▸ **EXTRACTED RECORDS**
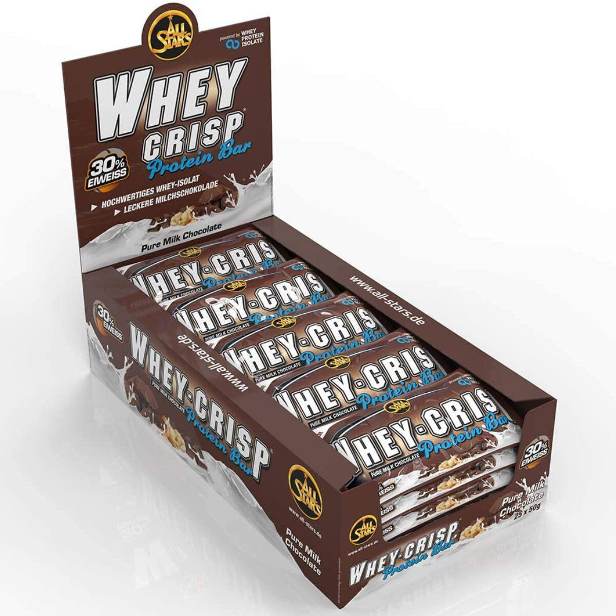 Allstars Whey Crisp Pure Milk Chocolate Protein Bar 50g 25 Pack
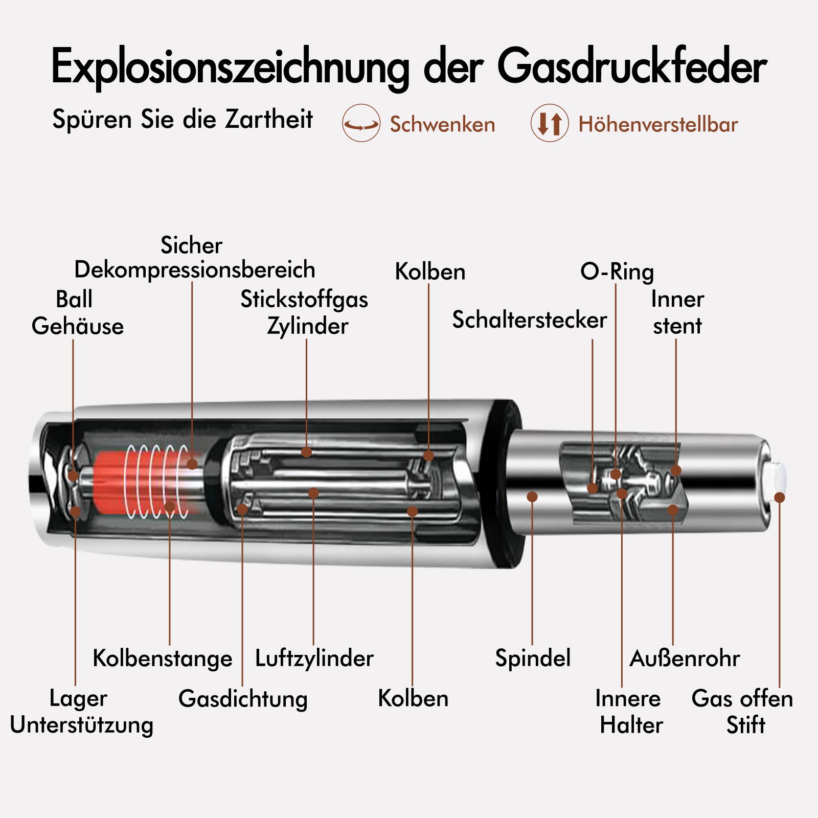 Er besticht nicht nur durch sein ikonisches Design und seine zeitlose Anziehungskraft, sondern ist auch gemütlich und praktisch. Sitz und Rückenlehne sind mit hochwertigem PU-Leder bezogen und mit hochelastischem Schaumstoff gepolstert – ein komfortabler Komfort. Dank des hochdichten Schaumstoffs bieten sie genau die richtige Unterstützung für ein angenehmes Sitzerlebnis. Dank der SGS-geprüften Gasdruckfeder müssen Sie sich keine Sorgen um Explosionen machen. Er ist um 360 Grad drehbar und höhenverstellbar, was Ihre Gespräche entspannt und entspannt macht.
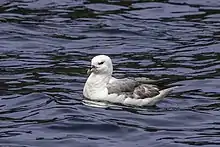 The northern fulmar (Fulmarus glacialis), fulmar,[2] or Arctic fulmar[3] is a highly abundant seabird found primarily in subarctic regions of the North Atlantic and North Pacific oceans. There has been one confirmed sighting in the Southern Hemisphere, with a single bird seen south of New Zealand.[4] Fulmars come in one of two color morphs: a light one, with white head and body and gray wings and tail, and a dark one, which is uniformly gray. Though similar in appearance to gulls, fulmars are in fact members of the family Procellariidae, which include petrels and shearwaters.
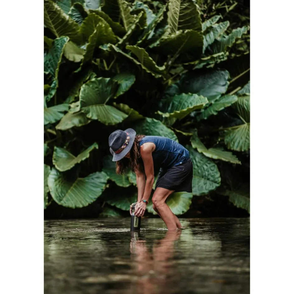 Die Geopress ist der schnellste portable Wasserfilter. Mit ihm zauberst du aus jedem Bachwasser sicheres Trinkwasser. Einfach mit dem Becher schöpfen, den Filtereinsatz einpressen und trinken.
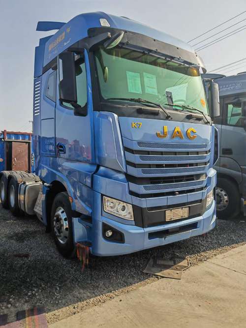 刚到梁山华通二手车市场汽贸扣押车江淮K7二手牵引车,22年10月,560马力,14升发动机,康明斯发动机,采浮变数箱自动挡带液缓,原车空调,采暖,全车新轮胎,行驶10万公里,可以提户分期。买二手江淮K7牵引车到梁山华通二手车市场。
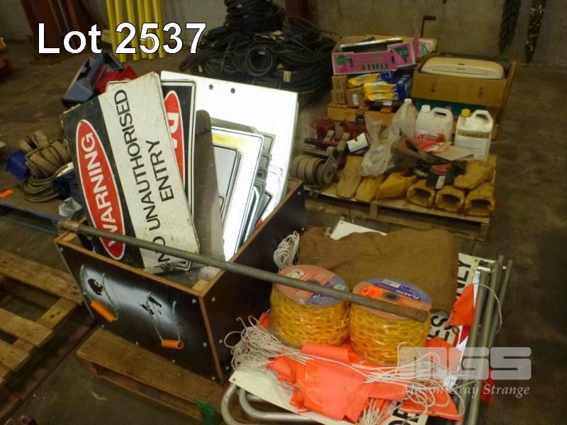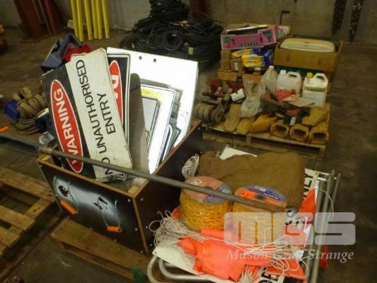 WARNING SIGNS, A-FRAMES, PLASTIC CHAIN, HYDRAULIC JACKS & SAFETY STAND
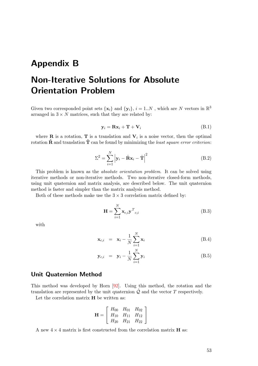 B Non-Iterative Solutions for Absolute Orientation Problem

▸ **ASSIGNED TASK**
Quote word for word only the lines above from the one containing "Er besticht nicht" through the one containing "The northern fulmar". Pictures stay out of your copy.

▸ **WORKED SOLUTION**
 Er besticht nicht nur durch sein ikonisches Design und seine zeitlose Anziehungskraft, sondern ist auch gemütlich und praktisch. Sitz und Rückenlehne sind mit hochwertigem PU-Leder bezogen und mit hochelastischem Schaumstoff gepolstert – ein komfortabler Komfort. Dank des hochdichten Schaumstoffs bieten sie genau die richtige Unterstützung für ein angenehmes Sitzerlebnis. Dank der SGS-geprüften Gasdruckfeder müssen Sie sich keine Sorgen um Explosionen machen. Er ist um 360 Grad drehbar und höhenverstellbar, was Ihre Gespräche entspannt und entspannt macht.
 The northern fulmar (Fulmarus glacialis), fulmar,[2] or Arctic fulmar[3] is a highly abundant seabird found primarily in subarctic regions of the North Atlantic and North Pacific oceans. There has been one confirmed sighting in the Southern Hemisphere, with a single bird seen south of New Zealand.[4] Fulmars come in one of two color morphs: a light one, with white head and body and gray wings and tail, and a dark one, which is uniformly gray. Though similar in appearance to gulls, fulmars are in fact members of the family Procellariidae, which include petrels and shearwaters.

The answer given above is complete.